Les influents Orangistes et les Anglo-Protestants de l’Ontario qui ont participé en grand nombre
à mater les Rébellions du Nord-Ouest voient d’un mauvais œil les Métis. En 1885, ils
applaudissent haut et fort la pendaison du chef Métis Louis Riel, accusé de haute trahison.
Aveuglés par leur haine, jamais ils ne se sont demandé comment on pouvait accuser un homme
d’avoir trahi son pays quand, au moment du soi-disant crime, il n’était pas citoyen de ce pays.
Jamais ils n’ont voulu admettre que Riel n’a pas été jugé selon les règles juridiques en vigueur
à l’époque. Même si les événements tragiques qui entourent Riel se déroulent loin de l’Ontario,
les préjugés des Ontariens sont palpables.

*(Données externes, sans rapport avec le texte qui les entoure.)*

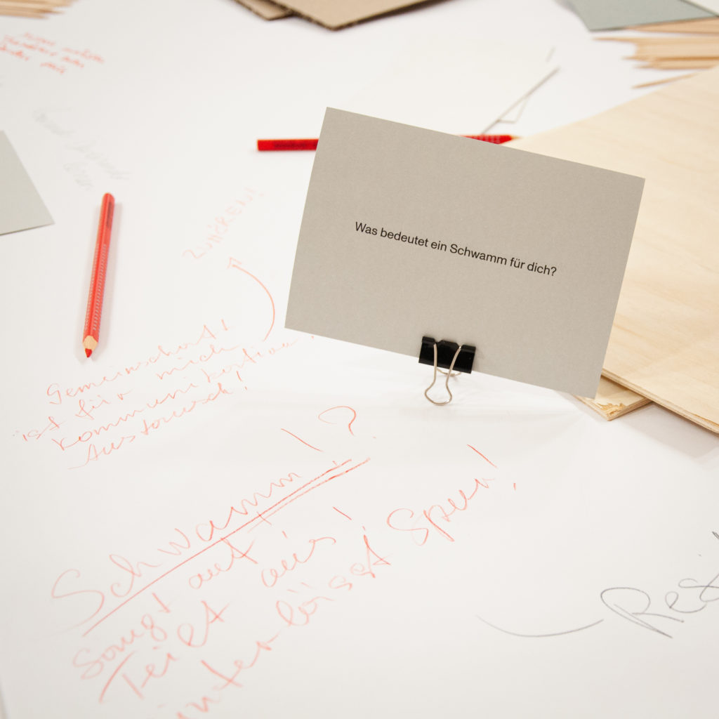 Zudem zeigten wir erste Ideen und Modellentwürfe für eine mögliche architektonische Übersetzung des zentralen Motivs: die Open Area als „Schwamm“ – ein durchlässiger, anpassungsfähiger Ort des Austauschs und der Verbindung am Kunstmuseum Wolfsburg, mit sichtbarem Bezug zum umliegenden Stadtraum.

Dans ce contexte hostile, afficher son identité métisse devient plus difficile. Certains Métis
choisissent l’invisibilité ou l’assimilation. Mais ne s’intègre pas qui veut à la société majoritaire. Il
faudrait qu’une personne minoritaire change qui elle est, et par la suite, se fasse accepter par le
groupe majoritaire. Perdre l’essence de son être en s’assimilant ne garantit surtout pas
l’acceptation dans le groupe majoritaire.
Au 20e siècle, les préjugés perdurent. À la page 413 du manuscrit Gestes français en
terre ontarienne, Épopée française à la baie Georgienne, 1610-1956, écrit en 1956, le prêtre
Alonzo Gobeil note ses impressions au sujet des petites écoles du côté ouest de la baie de
Penetanguishene des années 1940 :
Ce milieu comprend beaucoup de Métis qui souffrent des préjugés de races
qui semblent s’éterniser à leur endroit. Un bon nombre de « Superiority
Complex » (sic) et d’ignorants de ce coin-là semblent avoir la conviction que
la langue française est celle des Métis, des cultivateurs et des arriérés.
En 1975, un autre religieux, Thomas Marchildon, historien local et curé de Lafontaine
de 1937 à 1968, déclare au sujet des premiers colons métis de la Huronie, dans une entrevue
qui fait partie de la série télévisée Villages et Visages produite par Tfo : « Ils n’ont jamais fait
rien de bon ici. »
Les préjugés existent aussi chez les gens qui vivent non loin des Métis. Ma belle-mère,
qui est née en 1923, et qui a été élevée sur une ferme à MacAvaley, un secteur entre
Penetanguishene et Lafontaine, se souvient des préjugés qui existaient dans sa jeunesse.
Elle m’a raconté qu’un jour, après l’école, elle avait invité une amie chez elle. Par la suite, sa
mère lui a dit qu’il était préférable de ne pas l’inviter de nouveau. Dans le temps, elle ne
comprenait pas pourquoi. En vieillissant, la raison lui est apparue : la petite fille était une
Métisse. Elle se souvient aussi que dans la famille on parlait rarement d’une certaine tante
parce qu’elle avait épousé un Métis. Comment s’était sentie la jeune amie de ma belle-mère
? Quelle force d’épouser l’homme aimé malgré la désapprobation familiale. Combien d’autres
histoires semblables à celles-là ont été vécues par les Métis et leurs voisins ?
Si une personne ne veut pas plier l’échine, faire face à ces préjugés exige une force
intérieure.
Maintenant, la majorité est bien contente de nous inviter à des événements publics.
Est-ce un signe d’acceptation ou plutôt le fait que nous avons tellement bien réussi à nous
confondre dans la société majoritaire que notre existence ne dérange plus autant qu’avant ?
On ne peut qu’espérer que les préjugés ne réapparaîtront pas lorsque les Métis
revendiqueront davantage leurs droits.